Yes. Both Sam Lai and Maggie Yu are entitled to guaranteed $100,000 cash bonuses on December 22, 2026. These guaranteed amounts are in addition to their performance-based bonuses tied to 2026 net profit and new vendor acquisition targets, respectively.

How much ownership and voting control do Sam Lai and Maggie Yu have in Hour Loop (HOUR)?

Sam Lai and Maggie Yu together beneficially own 33,356,942 shares of Hour Loop common stock, representing about 94.8% of the voting power. Each is deemed to beneficially own the other’s 16,678,471 shares, reflecting their shared control as a married couple.

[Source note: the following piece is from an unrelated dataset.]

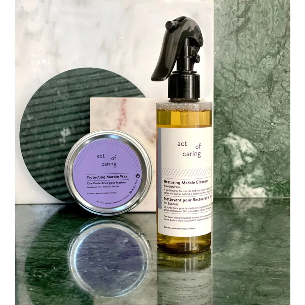 Act of Caring’s Restoring Marble Cleanser is a gentle and safe product designed to keep your precious marble furniture and ornaments beautiful year after year. Containing natural pine oil, the spray purifies the porous stone and forms a protective film on its surface, preventing uneven wearing and staining. For the best result, apply Protective Marble Wax after cleansing. Turn this refill into a convenient spray bottle with the separately sold sprayer head. Made in Sweden, the Act of Caring products are completely plant-based, non-toxic and scented with pure essential oils – perfect for providing gentle care for your beloved items and keeping the surfaces of your home clean without unnecessary chemicals.

What type of SEC filing did Hour Loop (HOUR) use to disclose these executive bonuses?

Hour Loop disclosed the new executive bonus arrangements for Sam Lai and Maggie Yu in a Form 8-K. The filing describes Addendum No. 6 to each executive’s employment agreement and lists these addenda as exhibits with the detailed contractual terms.

When will Hour Loop determine if the 2026 performance bonuses for HOUR executives are earned?

The company will assess whether the 2026 performance conditions are met at the end of the 2026 fiscal year. Only one performance bonus tier per executive, if any, will be payable based on reaching the specified profit or new vendor acquisition thresholds.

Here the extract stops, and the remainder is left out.